▶ [The task] Starting with the line below that holds "YYFS Damenmode Frühling" and stopping after the line that holds "Lick or Treat;", transcribe the lines exactly, leaving out all pictures.

Segment Start: Records for this task

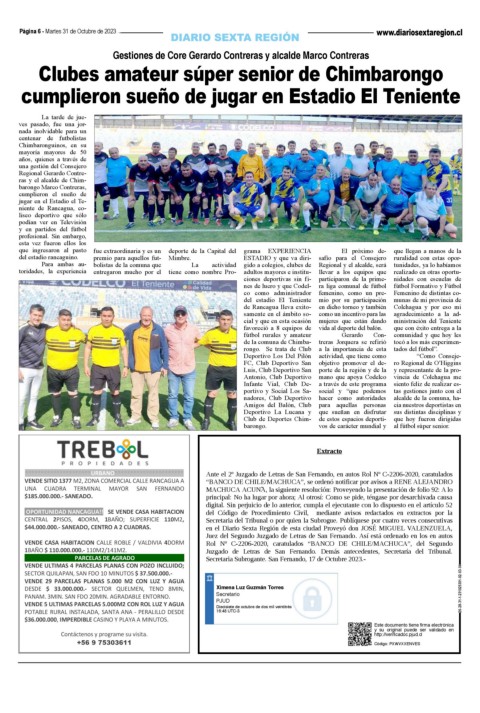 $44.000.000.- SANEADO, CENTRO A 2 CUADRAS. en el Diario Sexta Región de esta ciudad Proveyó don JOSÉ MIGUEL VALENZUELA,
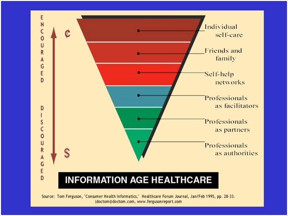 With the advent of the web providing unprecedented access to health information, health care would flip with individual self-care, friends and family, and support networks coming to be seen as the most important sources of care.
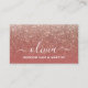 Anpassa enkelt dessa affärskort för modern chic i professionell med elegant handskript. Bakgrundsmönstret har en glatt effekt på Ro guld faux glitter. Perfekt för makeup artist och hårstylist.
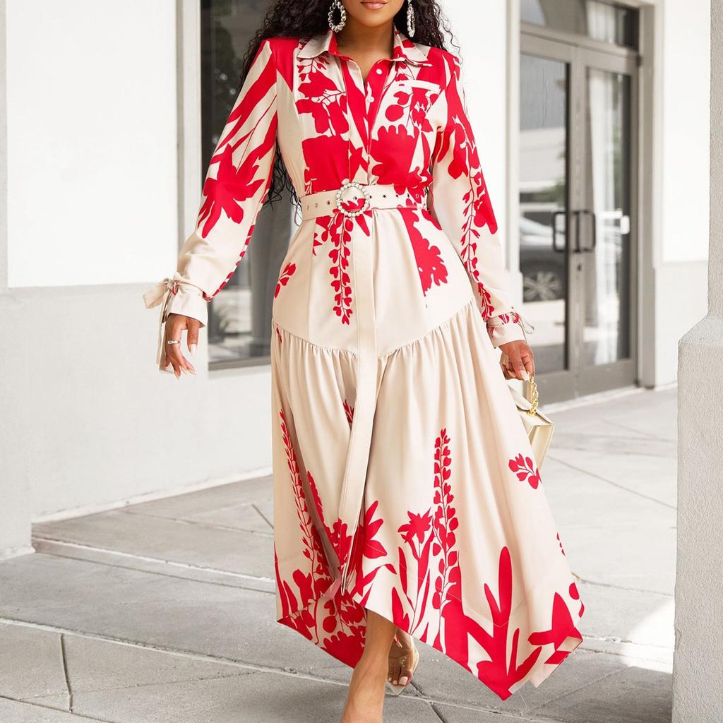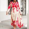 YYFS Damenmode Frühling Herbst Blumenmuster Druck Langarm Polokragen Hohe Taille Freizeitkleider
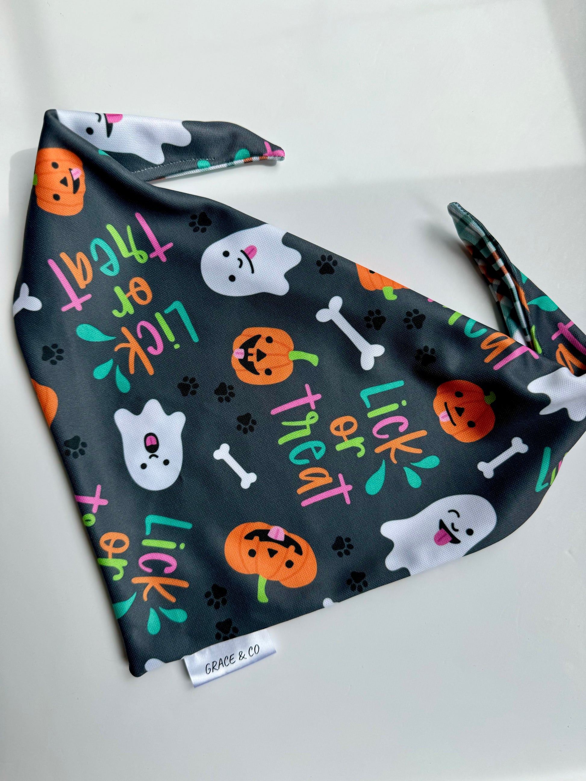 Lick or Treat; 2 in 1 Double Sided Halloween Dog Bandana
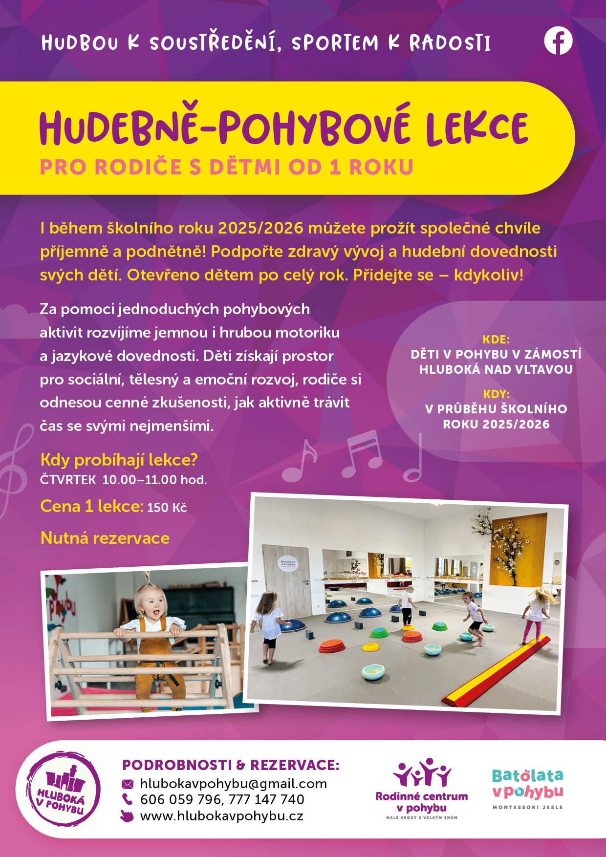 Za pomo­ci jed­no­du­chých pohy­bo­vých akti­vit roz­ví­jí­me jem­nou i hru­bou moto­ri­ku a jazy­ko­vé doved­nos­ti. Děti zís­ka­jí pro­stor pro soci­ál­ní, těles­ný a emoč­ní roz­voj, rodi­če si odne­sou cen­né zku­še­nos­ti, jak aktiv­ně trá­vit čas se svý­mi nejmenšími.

Segment End: Records for this task

▶ [Task solution]
 YYFS Damenmode Frühling Herbst Blumenmuster Druck Langarm Polokragen Hohe Taille Freizeitkleider
 Lick or Treat; 2 in 1 Double Sided Halloween Dog Bandana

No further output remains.